> **Action item**
Every line in the listing below from the one with "IE.DEM0DE Aerum Celana" through the one with "경기창조경제혁신센터 임덕래 센터장(우측에서" is to be reproduced exactly, both ends included; leave out the rest.

> **Provided data**
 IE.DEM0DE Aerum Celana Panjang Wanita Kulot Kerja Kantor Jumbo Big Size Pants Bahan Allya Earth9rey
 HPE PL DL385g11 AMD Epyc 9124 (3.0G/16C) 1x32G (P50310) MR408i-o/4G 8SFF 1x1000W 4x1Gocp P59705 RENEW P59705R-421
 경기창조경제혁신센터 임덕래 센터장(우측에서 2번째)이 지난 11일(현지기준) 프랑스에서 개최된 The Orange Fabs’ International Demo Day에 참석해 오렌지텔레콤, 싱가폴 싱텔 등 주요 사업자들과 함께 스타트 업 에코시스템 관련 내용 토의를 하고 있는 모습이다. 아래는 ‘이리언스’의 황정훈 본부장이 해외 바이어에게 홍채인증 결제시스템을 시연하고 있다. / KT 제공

==

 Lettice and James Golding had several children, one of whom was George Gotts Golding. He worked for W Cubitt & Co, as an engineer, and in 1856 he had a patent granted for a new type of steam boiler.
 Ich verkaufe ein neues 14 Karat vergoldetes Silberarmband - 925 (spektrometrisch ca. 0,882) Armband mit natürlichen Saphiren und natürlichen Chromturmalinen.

---

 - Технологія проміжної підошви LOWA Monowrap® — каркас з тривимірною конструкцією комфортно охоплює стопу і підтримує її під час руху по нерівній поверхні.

> **Result**
 IE.DEM0DE Aerum Celana Panjang Wanita Kulot Kerja Kantor Jumbo Big Size Pants Bahan Allya Earth9rey
 HPE PL DL385g11 AMD Epyc 9124 (3.0G/16C) 1x32G (P50310) MR408i-o/4G 8SFF 1x1000W 4x1Gocp P59705 RENEW P59705R-421
 경기창조경제혁신센터 임덕래 센터장(우측에서 2번째)이 지난 11일(현지기준) 프랑스에서 개최된 The Orange Fabs’ International Demo Day에 참석해 오렌지텔레콤, 싱가폴 싱텔 등 주요 사업자들과 함께 스타트 업 에코시스템 관련 내용 토의를 하고 있는 모습이다. 아래는 ‘이리언스’의 황정훈 본부장이 해외 바이어에게 홍채인증 결제시스템을 시연하고 있다. / KT 제공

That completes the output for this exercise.